Abstract. This paper describes the methodology and design of a scalable Montgomery multiplication module. There is no limitation on the maximum number of bits manipulated by the multiplier, and the selection of the word-size is made according to the available area and/or desired performance. We describe the general view of the new architecture, analyze hardware organization for its parallel computation, and discuss design tradeoffs which are useful to identify the best hardware configuration.
Introduction
The Montgomery multiplication algorithm [10] is an efficient method for modular multiplication with an arbitrary modulus, particularly suitable for implementation on general-purpose computers (signal processors or microprocessors). The method is based on an ingenious representation of the residue class modulo M , and replaces division by M operation with division by a power of 2. This operation is easily accomplished on a computer since the numbers are represented in binary form. Various algorithms [11, 7, 1] attempt to modify the original method in order to obtain more efficient software implementations on specific processors or arithmetic coprocessors, or direct hardware implementations. In this paper we are interested in hardware implementations of the Montgomery multiplication operation.

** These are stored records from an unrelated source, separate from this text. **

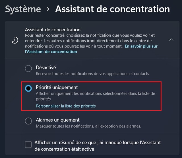 - Si vous souhaitez voir uniquement les notifications d’applications sélectionnées, sélectionnez l’option Priorité uniquement et cliquez sur le lien « Personnaliser la liste des priorités ».
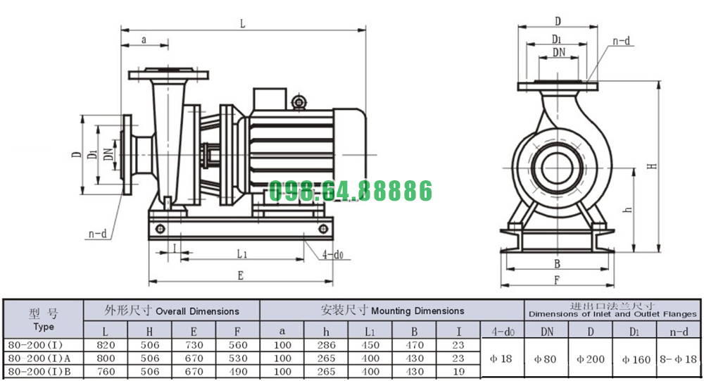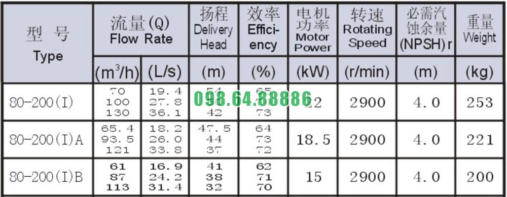 Bảng thông số kỹ thuật bơm nước nằm ngang SLW80-ISW80-200-I công suất 22 kw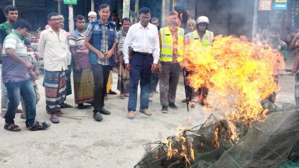 মিরপুর প্রতিনিধি ॥ দেশীয় মাছের প্রজনন ও জীববৈচিত্র্য রক্ষায় কুষ্টিয়ার মিরপুর উপজেলার মাজিহাট ব্রীজ হতে নলডাঙ্গা ষ্টীল ব্রীজ পর্যন্ত ও ক্যানালপাড়া এলাকা থেকে অবৈধ চায়না দুয়ারী জাল জব্দ করে পুড়িয়ে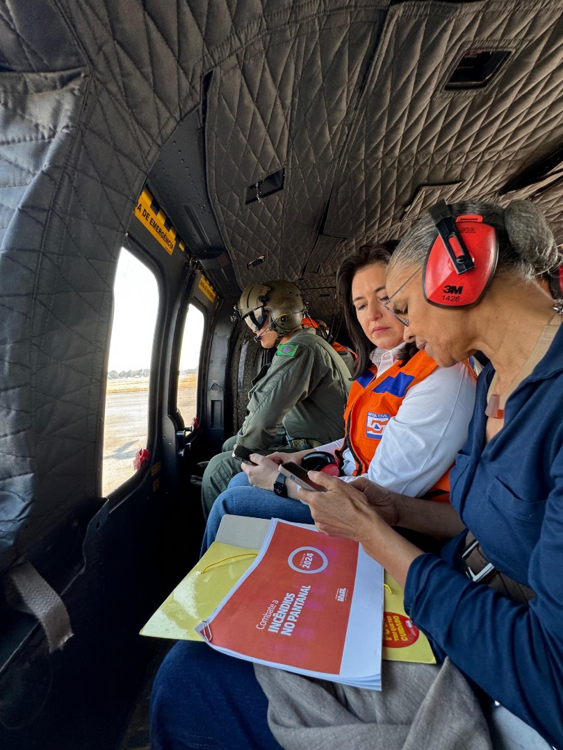 As ministras e o governador sobrevoaram a região de Corumbá, onde puderam constatar os estragos provocados pelos incêndios, e fizeram duas reuniões, uma na sede da Brigada de Prevenção ao Fogo do Pantanal e outra no Corpo de Bombeiros, acompanhados do Secretário Nacional da Defesa Civil, Wolnei Wolff, da Secretária Nacional do Fundo de Segurança Pública, Camila Pintarelli, representando o Ministério da Justiça e Segurança Pública, vice-chefe de Operações Conjuntas do Ministério da Defesa, general de Divisão Marcelo Arantes, e de parlamentares do Estado. Ministras Simone Tebet e Marina Silva sobrevoam área atingida por incêndios no Pantanal. Foto: Digital/PR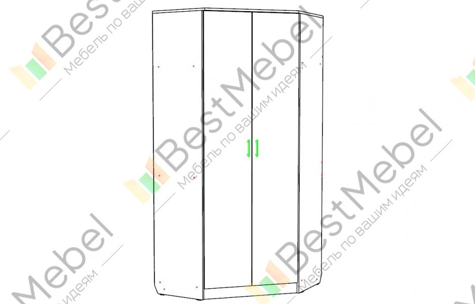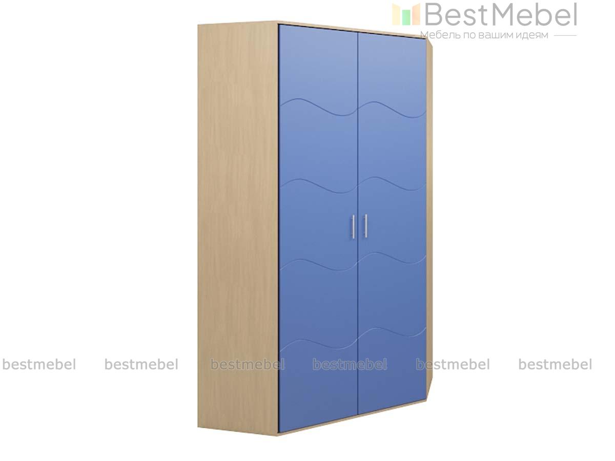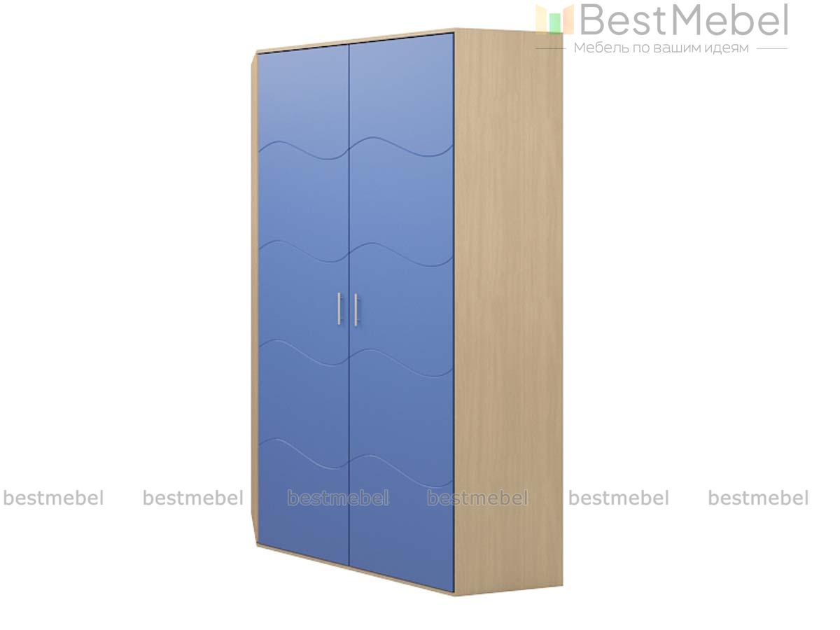 Шкаф угловой НМ 009.02 BMS разработан для любителей повышенной функциональности и неординарного дизайна в современном стиле. Интересное сочетание цветов позволит дополнить интерьер Вашей комнаты. Изюминкой компактного шкафа являются две дверки, украшенные волнообразными резными линиями и прозрачными ручками. Внутреннее пространство укомплектовано четырьмя широкими вместительными полками для различных вещей. Для максимального комфорта модель оборудована двумя выездными штангами на разных уровнях.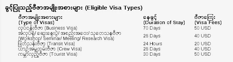 緬甸落地簽最新要求: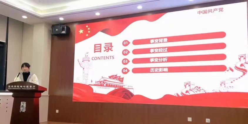 2021年11月8日,马克思主义学院红桅杆宣讲团在数学学院开展了理论宣讲。本场活动的主讲人分别是2020级思想政治教育专业毛苓萱、2020级中国近现代史基本问题研究专业李婕、2021级思想政治教育专业惠靖童、2021级中国近现代史基本问题研究专业黄文馨。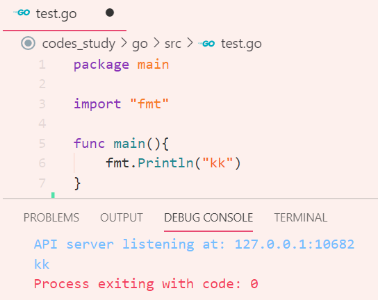 Python이랑 C는 terminal에서 해결되고 go는 debug console에 나옴

Several algorithms and hardware implementations of the Montgomery multiplication for a limited precision of the operands were proposed [1, 11, 3] . In order to get improved performance, high-radix algorithms have also been proposed [11, 8] . However, these high-radix algorithms usually are more complex and consume significant amounts of chip area, and it is not so evident whether the complex circuits derived from them provide the desired speed increase. A theoretical investigation of the design tradeoffs for high-radix modular multipliers is given in [15] . An example of a design in radix-4 is shown in [13] . The increase in the radix forces the use of digit multipliers, and therefore more complex designs and longer clock cycle times. For this reason, low-radix designs are usually more attractive for hardware implementation.
The Montgomery multiplication is the basic building block for the modular exponentiation operation [4, 5] which is required in the Diffie-Hellman and RSA public-key cryptosystems [2, 12] . Currently, most modular exponentiation chips perform the exponentiation as a series of modular multiplications, which is the most compelling reason for the research of fast and inexpensive modular multipliers for long integers. Recent implementations of the Montgomery multiplications are focused on elliptic key cryptography [9] over the finite field GF (p). The introduction [6] of the Montgomery multiplication in GF (2 k ) opened up new possibilities, most notably in elliptic key cryptography over the finite field GF (2 k ) and discrete exponentiation over GF (2 k ) [5] . In this paper, we propose a scalable Montgomery multiplication architecture, which allows us to investigate different areas of the design space, and thus, analyze the design tradeoffs for the best performance in a limited chip area. We start with a short discussion of the scalability requirement which we impose in our design, and then give a presentation of the general theoretical issues related to the Montgomery multiplication. We then propose a word-based algorithm, and show the parallel evaluation of its steps in detail. Using this analysis, we derive an architecture for the modular multiplier and present the design of the module. We also perform simulations in order to provide area/time tradeoffs and give a first order evaluation of the multiplier performance for various operand precision.
Scalability
We consider an arithmetic unit as scalable if the unit can be reused or replicated in order to generate long-precision results independently of the data path precision for which the unit was originally designed.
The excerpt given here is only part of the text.